Species family information

The Scrophulariaceae family of flowering plants are commonly known as mulleins and figworts. They are annual and perennial herbs (and one shrub)

Category information

Nucleic multicellular photosynthetic organisms lived in freshwater communities on land as long ago as a thousand million years, and their terrestrial descendants are known from the late Pre-Cambrian 850 million years ago. Embryophyte land plants are known from the mid Ordovician, and land plant structures such as roots and leaves are recognisable in mid Devonian fossils. Seeds seem to have evolved by the late Devonian. The Embryophytes are green land plants that form the bulk of the Earth’s vegetation. They have specialised reproductive organs and nurture the young embryo sporophyte. Most obtain their energy by photosynthesis, using sunlight to synthesise food from Carbon Dioxide and Water.

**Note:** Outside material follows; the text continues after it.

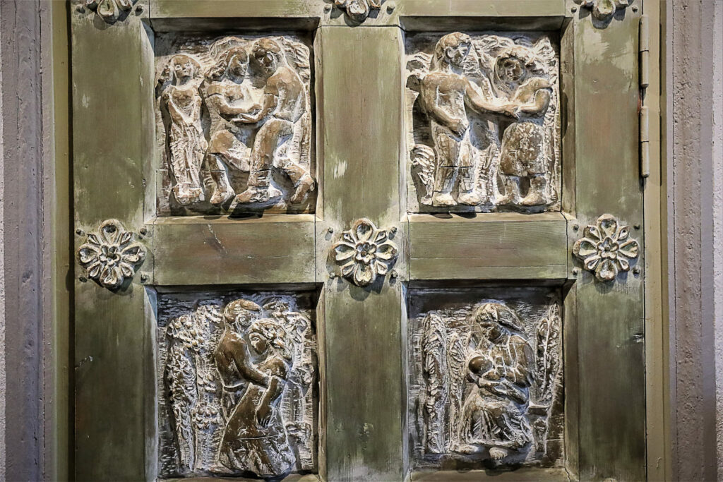Eräs erikoisuus on aulasta pariskunnan makuuhuoneeseen johtava koristeellinen ovi. Itse asiassa juuri sen Syrjämä teki ensimmäiseksi ennen asuntonsa rakentamista. Oven materiaali saatiin Pappilan sotapakkasten tappamista omenapuista.
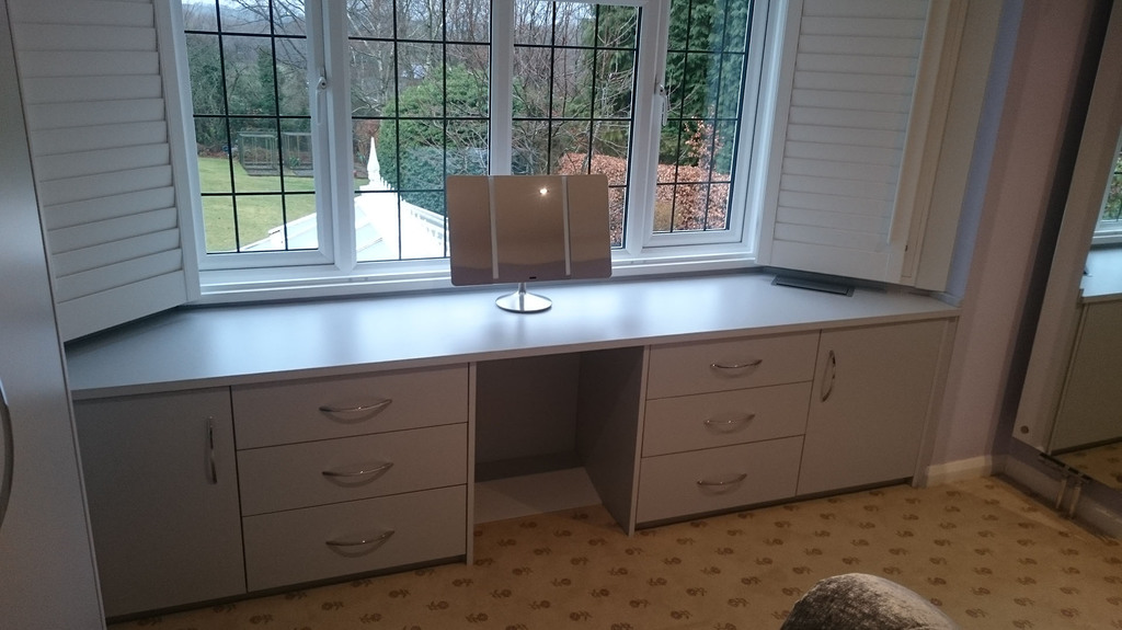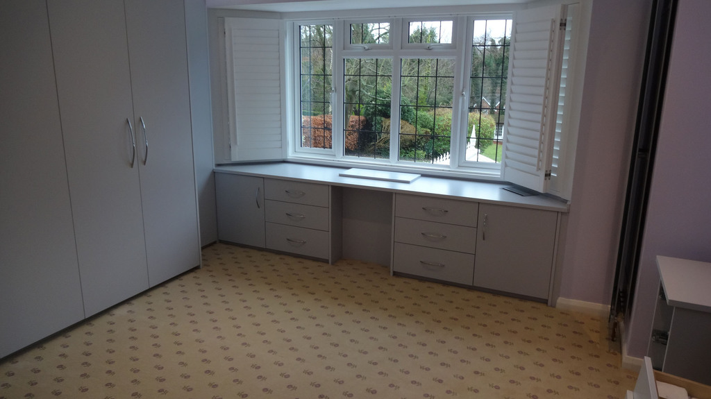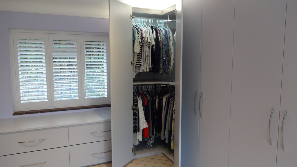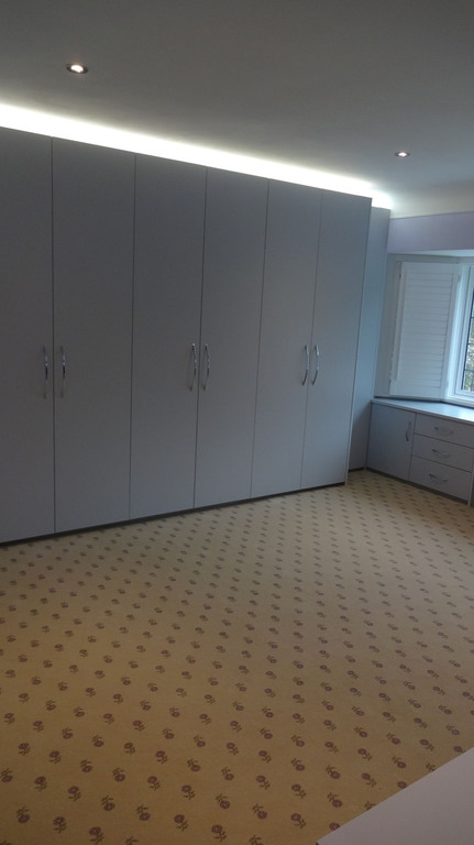 My commission for this large double aspect bedroom was to design, make and fit a mix of long and short hanging, vanity unit, and drawer units to maximise storage.

The earliest known plant group is the Archaeplastida, which were autotrophic. Listing just the surviving descendants, which evolved in turn, we have the Red Algae, the Chlorophyte Green Algae, the Charophyte Green Algae, and then the Embryophyta or land plants. The earliest embryophytes were the Liverworts, followed by the Hornworts, and the Mosses. Then we have the Vascular Plants, the Lycophytes and Ferns, followed by the Spermatophytes or seed plants, the Gnetophytes, Conifers, Ginkgos, and Cycads, and finally the Magnoliophyta (Angiosperms) or flowering plants.